Task details ::
In the material below, the lines between the one holding "Nachdem wir den" and the one holding "公園の広いグランドで<しっぽ", inclusive, are to be set down word for word. Pictures stay out.

Input data ::
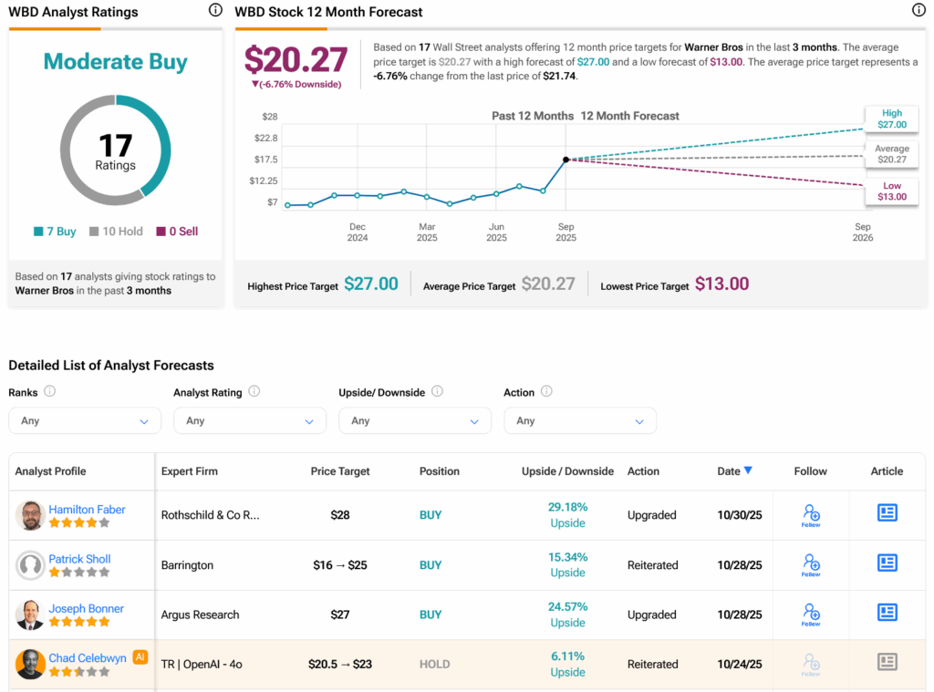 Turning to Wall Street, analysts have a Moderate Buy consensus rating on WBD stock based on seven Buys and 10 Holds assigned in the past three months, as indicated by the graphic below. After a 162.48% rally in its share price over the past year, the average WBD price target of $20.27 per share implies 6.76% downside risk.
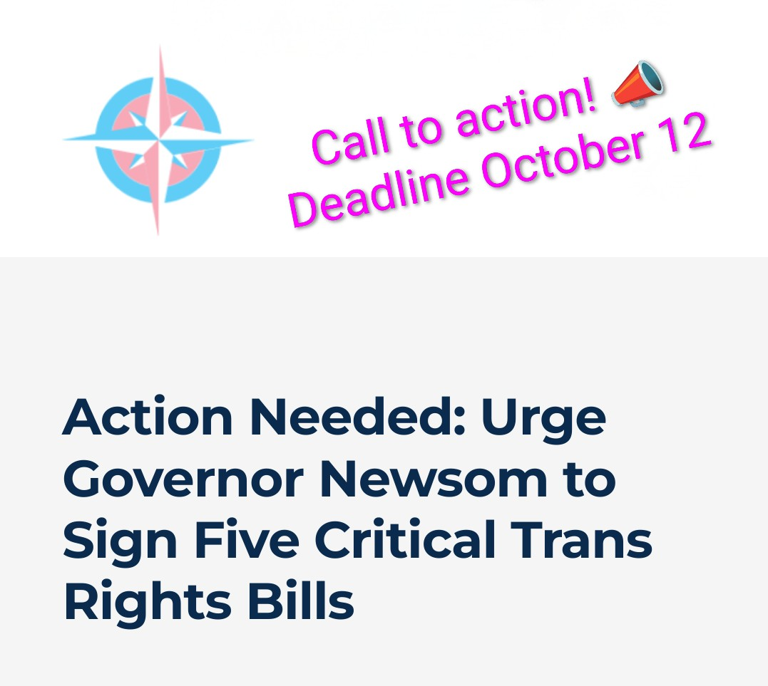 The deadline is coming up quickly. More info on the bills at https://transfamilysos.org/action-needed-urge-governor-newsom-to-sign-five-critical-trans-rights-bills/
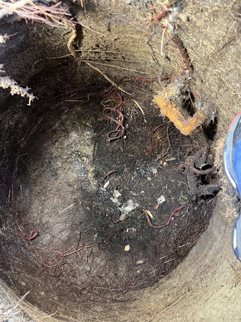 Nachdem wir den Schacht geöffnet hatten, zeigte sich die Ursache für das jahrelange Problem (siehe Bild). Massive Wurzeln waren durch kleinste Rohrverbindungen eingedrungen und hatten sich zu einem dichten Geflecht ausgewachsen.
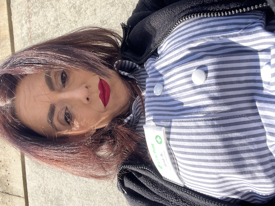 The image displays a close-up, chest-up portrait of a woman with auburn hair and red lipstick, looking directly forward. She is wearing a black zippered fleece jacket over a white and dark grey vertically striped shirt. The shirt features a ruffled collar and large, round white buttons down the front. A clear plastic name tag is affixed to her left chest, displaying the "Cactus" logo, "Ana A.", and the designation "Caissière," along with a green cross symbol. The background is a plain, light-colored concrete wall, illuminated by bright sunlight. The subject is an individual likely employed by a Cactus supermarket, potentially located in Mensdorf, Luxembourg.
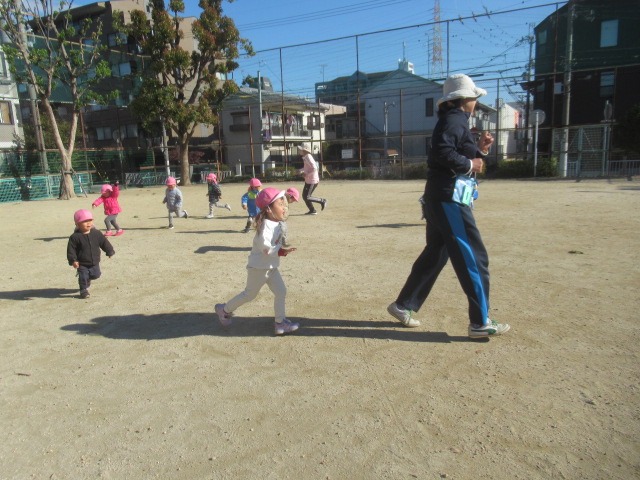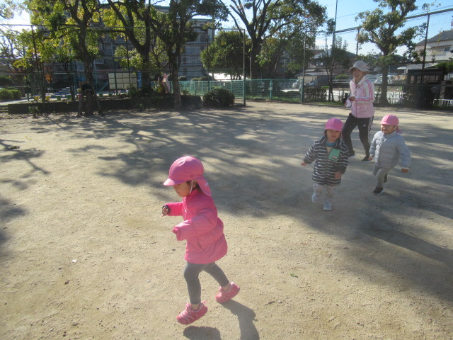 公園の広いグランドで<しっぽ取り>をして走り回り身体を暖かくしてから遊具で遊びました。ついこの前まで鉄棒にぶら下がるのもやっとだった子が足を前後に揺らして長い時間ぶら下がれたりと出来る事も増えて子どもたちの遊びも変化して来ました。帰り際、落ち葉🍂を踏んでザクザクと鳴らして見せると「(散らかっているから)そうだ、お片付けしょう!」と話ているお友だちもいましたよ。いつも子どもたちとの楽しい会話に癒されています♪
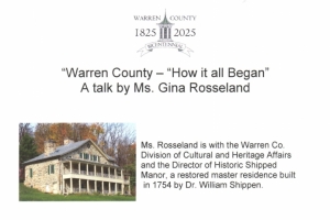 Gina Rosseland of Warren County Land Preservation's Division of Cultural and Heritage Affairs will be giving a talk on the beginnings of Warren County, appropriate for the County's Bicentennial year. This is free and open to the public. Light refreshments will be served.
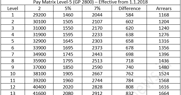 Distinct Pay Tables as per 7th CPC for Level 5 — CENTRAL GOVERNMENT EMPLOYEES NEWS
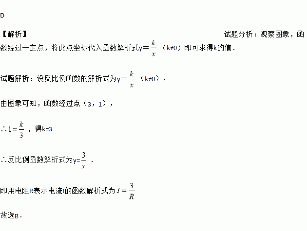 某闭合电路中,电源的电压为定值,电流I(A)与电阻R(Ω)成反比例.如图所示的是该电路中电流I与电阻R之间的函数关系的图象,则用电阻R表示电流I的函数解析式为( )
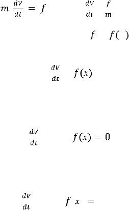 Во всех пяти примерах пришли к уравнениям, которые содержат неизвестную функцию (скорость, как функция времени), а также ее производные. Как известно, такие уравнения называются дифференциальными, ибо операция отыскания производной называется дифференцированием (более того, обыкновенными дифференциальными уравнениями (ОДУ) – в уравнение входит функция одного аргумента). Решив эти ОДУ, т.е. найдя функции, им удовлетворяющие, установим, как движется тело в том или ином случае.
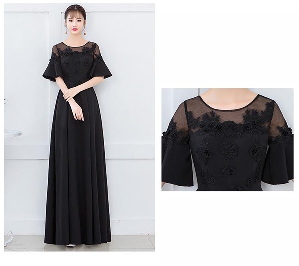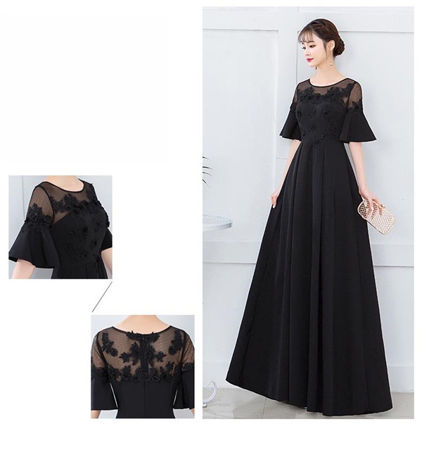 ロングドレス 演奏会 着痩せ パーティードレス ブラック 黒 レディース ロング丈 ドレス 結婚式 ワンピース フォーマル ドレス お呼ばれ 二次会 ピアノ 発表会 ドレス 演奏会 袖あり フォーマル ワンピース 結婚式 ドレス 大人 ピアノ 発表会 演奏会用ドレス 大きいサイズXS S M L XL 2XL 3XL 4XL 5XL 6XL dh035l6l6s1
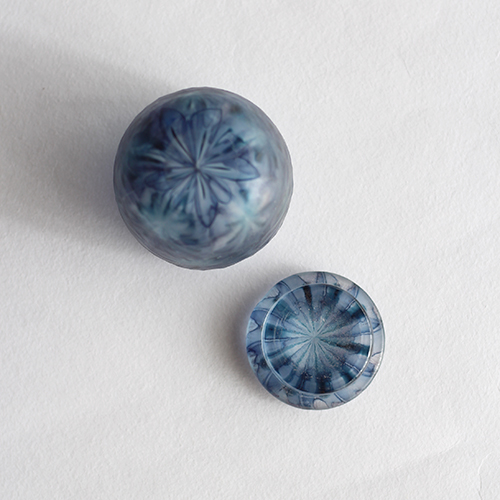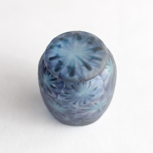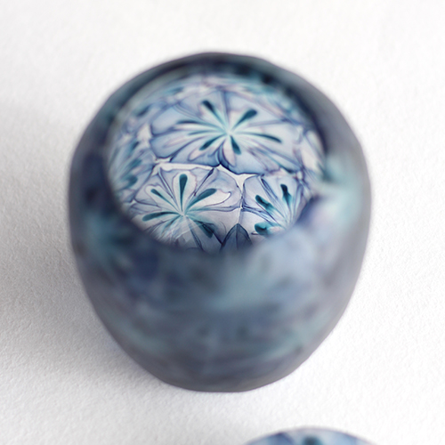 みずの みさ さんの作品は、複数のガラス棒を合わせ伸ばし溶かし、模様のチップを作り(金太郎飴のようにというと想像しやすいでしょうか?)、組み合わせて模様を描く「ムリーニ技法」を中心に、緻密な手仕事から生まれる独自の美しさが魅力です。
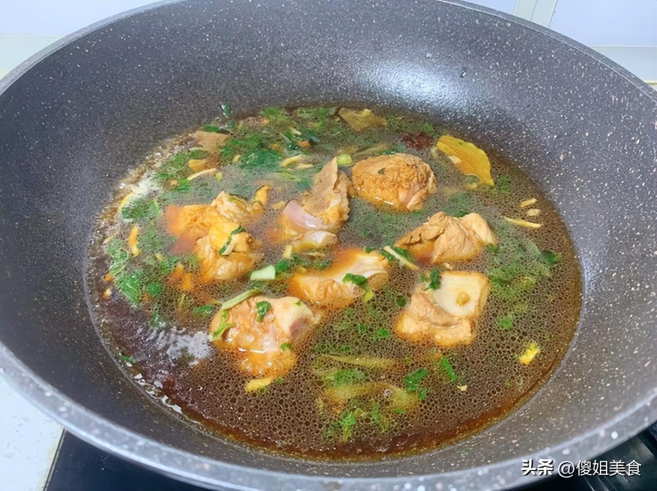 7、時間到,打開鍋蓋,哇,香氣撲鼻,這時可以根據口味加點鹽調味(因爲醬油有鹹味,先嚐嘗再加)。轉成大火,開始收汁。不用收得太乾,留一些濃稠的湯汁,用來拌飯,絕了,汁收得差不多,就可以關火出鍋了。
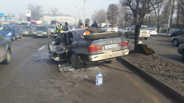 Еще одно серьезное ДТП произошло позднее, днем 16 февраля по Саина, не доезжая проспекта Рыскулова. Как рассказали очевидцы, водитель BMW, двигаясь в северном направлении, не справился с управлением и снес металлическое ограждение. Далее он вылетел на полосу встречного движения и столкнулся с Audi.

==

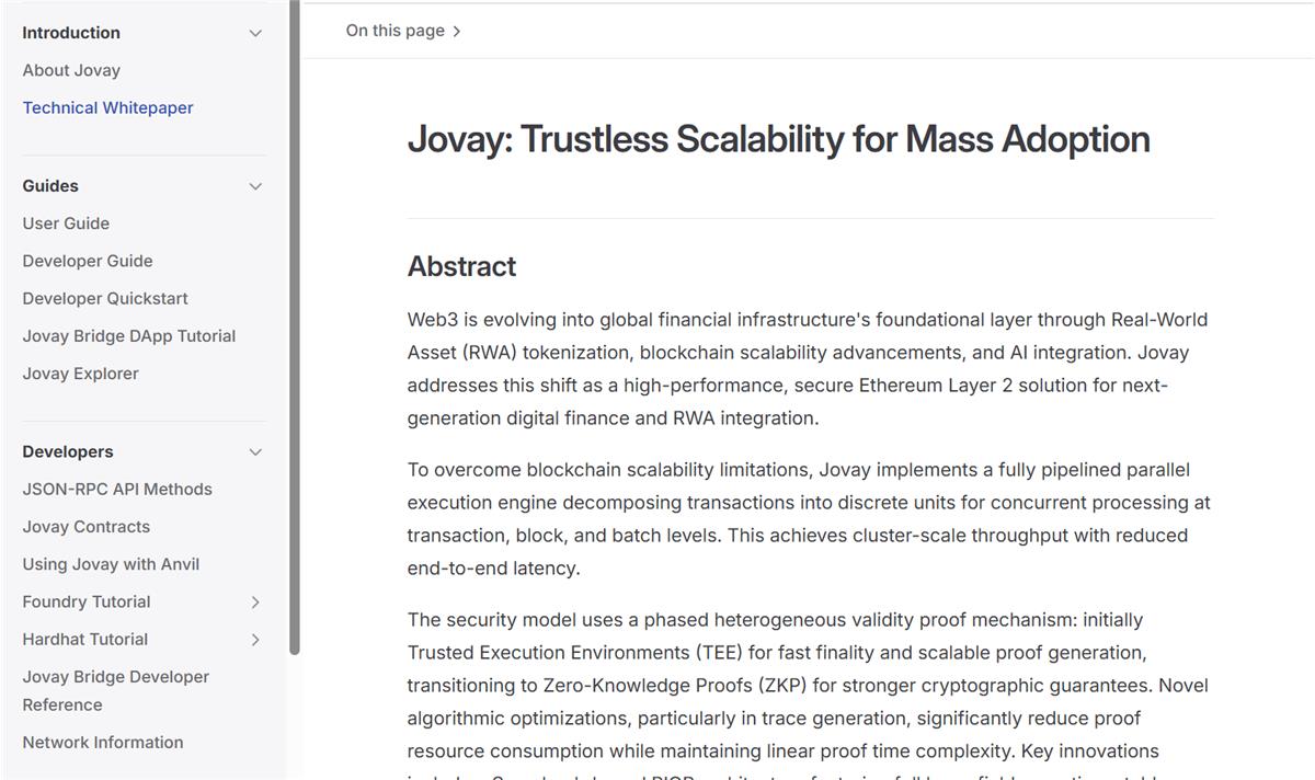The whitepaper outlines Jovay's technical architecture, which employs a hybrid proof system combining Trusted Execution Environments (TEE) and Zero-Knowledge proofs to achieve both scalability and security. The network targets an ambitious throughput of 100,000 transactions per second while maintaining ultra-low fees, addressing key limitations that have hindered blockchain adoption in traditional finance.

Response to this task ::
 Nachdem wir den Schacht geöffnet hatten, zeigte sich die Ursache für das jahrelange Problem (siehe Bild). Massive Wurzeln waren durch kleinste Rohrverbindungen eingedrungen und hatten sich zu einem dichten Geflecht ausgewachsen.
 The image displays a close-up, chest-up portrait of a woman with auburn hair and red lipstick, looking directly forward. She is wearing a black zippered fleece jacket over a white and dark grey vertically striped shirt. The shirt features a ruffled collar and large, round white buttons down the front. A clear plastic name tag is affixed to her left chest, displaying the "Cactus" logo, "Ana A.", and the designation "Caissière," along with a green cross symbol. The background is a plain, light-colored concrete wall, illuminated by bright sunlight. The subject is an individual likely employed by a Cactus supermarket, potentially located in Mensdorf, Luxembourg.
 公園の広いグランドで<しっぽ取り>をして走り回り身体を暖かくしてから遊具で遊びました。ついこの前まで鉄棒にぶら下がるのもやっとだった子が足を前後に揺らして長い時間ぶら下がれたりと出来る事も増えて子どもたちの遊びも変化して来ました。帰り際、落ち葉🍂を踏んでザクザクと鳴らして見せると「(散らかっているから)そうだ、お片付けしょう!」と話ているお友だちもいましたよ。いつも子どもたちとの楽しい会話に癒されています♪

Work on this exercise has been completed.